Let $p \in \real$, then $\bracs{g > p} = \bigcup_{q \in \real, q > p}U(q)$ is open. On the other hand,
\[
\bracs{g < p} = \bigcup_{\substack{q \in \real \\ q < p}}\overline{U(q)}^c = \bigcup_{\substack{q \in \real \\ q < p}}U(q)^c
\]
which is also open, so $g$ is continuous.
Now, for each $p \in \real$, since $F$ is continuous,
\begin{align*}
\bracs{g > p} &= \bigcup_{\substack{q \in \real \\ q > p}}U(q) = \bigcup_{\substack{q \in \real \\ q > p}}\overline{\bigcup_{f \in \cf}\bracs{f > q}} \\
&\subset \bigcup_{\substack{q \in \real \\ q > p}}\overline{\bracs{F > q}} \subset \bigcup_{\substack{q \in \real \\ q > p}}\bracs{F \ge q} = \bracs{F > p}
\end{align*}
so $g \le F$. As this holds for all upper bounds of $\cf$, $g$ is the supremum of $\cf$ in $C(X; \real)$.
($\Leftarrow$, \cite[Theorem II.9.6]{Zhu}): Suppose that $X$ is completely regular and $C(X; \real)$ is order complete. Let $U \subset X$ be open and
\[
\cf = \bracs{f \in C(X; [0, 1])| 0 \le f \le \one_U}
\]
and $F$ be the supremum of $\cf$ in $C(X; \real)$. Since $X$ is completely regular, for each $x \in U$, there exists $f \in C(X; [0, 1])$ with $f(x) = 1$ and $f|_{U^c} = 0$. Thus $f \in \cf$ and $\one_{\bracs{x}} \le f \le F$. As this holds for all $x \in U$, $F \ge \one_U$.
On the other hand, for any $x \in \ol{U}^c$, there exists $g \in C(X;[0, 1])$ with $g(x) = 0$ and $g|_{\ol{U}} = 1$. In this case, $g \ge f$ for all $f \in \cf$, so $g \ge F$ as well.

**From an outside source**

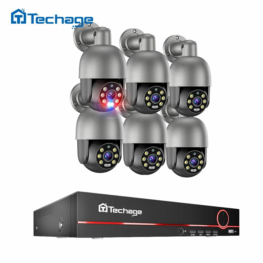 Купить Готовый комплект видеонаблюдения POE 6 камеры 5Мп Techageкамеры Не требуется питание, Кабельный интерфейс подключи и работай
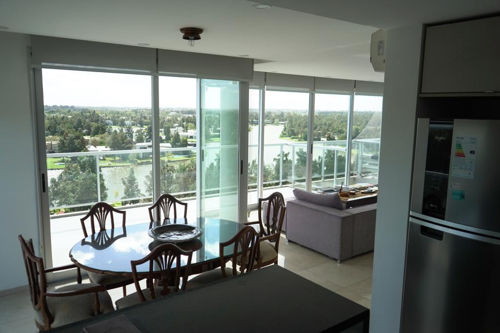 Descripción de la unidad: Torre 2 Piso 4 Unidad BSe accede al edificio por una importante recepción con ascensores modernos, el cuál nos lleva al palier que comparte con otros dos departamentos. Se ingresa por puerta de madera de dos hojas que da al hall de recepción, integrado a un amplio living y comedor en concepto totalmente abierto, con una impactante vista al lago y la arbolada del country del Lago. Salida inmediata a balcón aterrazado con parrillero propio, a través de amplios ventanales a medida, de piso a techo, con marcos de aluminio y DVH, que garantizan una optima iluminación y eficiencia, tanto térmica como sonora. Cocina semi integrada con mesada de granito, amplios mobiliario de diseño con alacenas y bajo mesada, anafe por inducción y horno eléctrico empotrado. Bacha de acero inoxidable, grifería monocomando de calidad. Lavadero independiente semi cubierto.

This yields that $F \le g \le \one_{X \setminus \bracs{x}}$. As this holds for all $x \in X \setminus \ol{U}$, $F \le \one_{\ol{U}}$.
Given that $\one_U \le F \le \one_{\ol{U}}$ and $F$ is continuous, $\bracs{F = 1} \supset \ol{U}$, so $F = \one_{\ol{U}}$ is continuous. Hence $\ol{U} = F^{-1}(1)$ must be open.
\end{proof}